Catch 22: To Make PPACA Fiscally Sustainable, the Cadillac Tax Must Become Politically Unsustainable

This is from Chris Jacobs at the Wall Street Journal:
... under current projections the [Cadillac] tax will grow so quickly that it will exceed the annual rising costs of the law’s new entitlements, causing net spending on Obamacare actually to decline. 
The Cadillac tax has always caused the administration political heartburn. In 2008, then-Sen. Barack Obama broadcast the most-aired political ad in a decade, attacking Sen. John McCain for wanting to tax health benefits. The Cadillac tax technically targets insurers, not individuals, but videos of remarks by MIT economist Jonathan Gruber, who advised the administration when the health-care law was being developed, show Mr. Gruber saying that Democrats engaged in semantics about the tax and even “mislabeling” to provide political cover for the president to change his position.  
When Obamacare was passed, Mr. Gruber wrote articles—promoted at the time by the administration—saying that the Cadillac tax wasn’t a tax. He argued that, in response to the law’s pressures, firms would reduce their health benefits but increase taxable wages—and that paying taxes on these higher wages amounted to a net plus for individuals rather than a tax increase. But in the face of pressure from labor unions, which remain opposed to the tax, Democrats ultimately decided to delay its implementation until 2018, after President Obama leaves office. 
In its analysis last week, CBO made clear that the Cadillac tax, coupled with provisions slowing the growth of insurance exchange subsidies (provisions that some liberal groups want to overturn) is central to making the law fiscally sustainable.

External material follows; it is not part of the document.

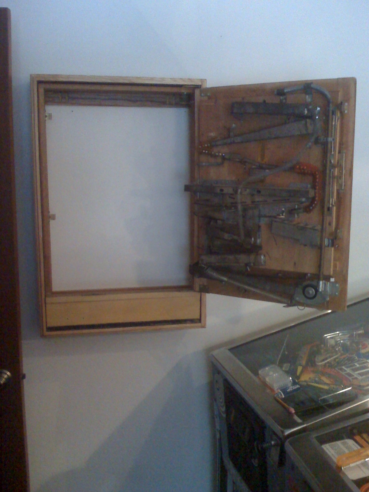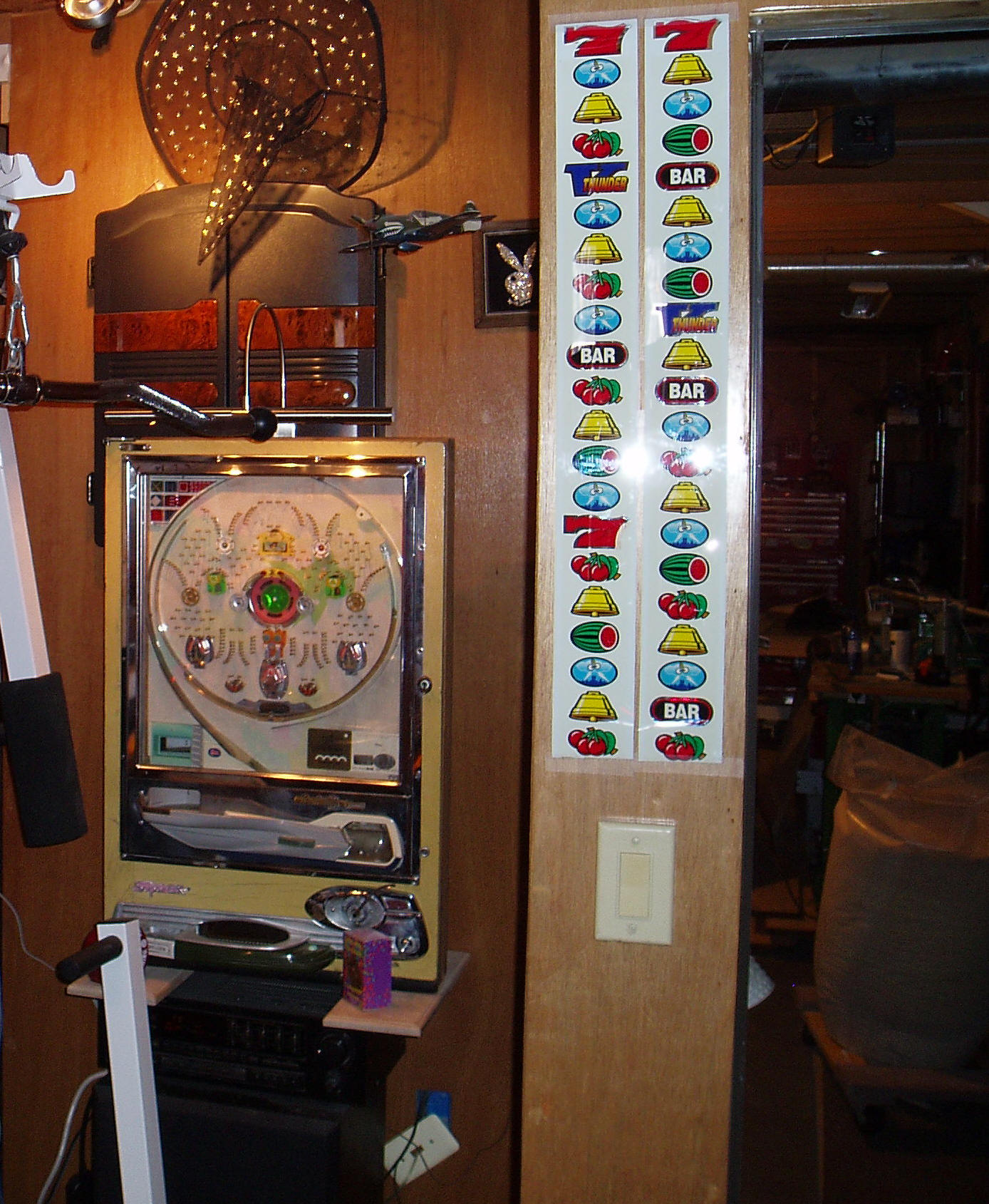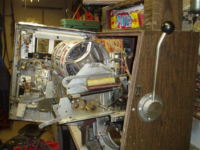I made a pachi-stand on wheels for the pachinko's, a shot of the guts of a Bally 70's quarter slot

The question is whether the effects of the Cadillac tax would be any more politically sustainable in 2018 and beyond than they were in 2009—and what supporters of the law will do if they aren’t. 
The below chart is from Forbes.  In reviewing a sampling of approximately 100 large employers in California, I suspect we'll see 50% to 70% of plans trigger the tax in 2018. But no matter how many it ensnares in 2018, it will have the vast majority by 2026.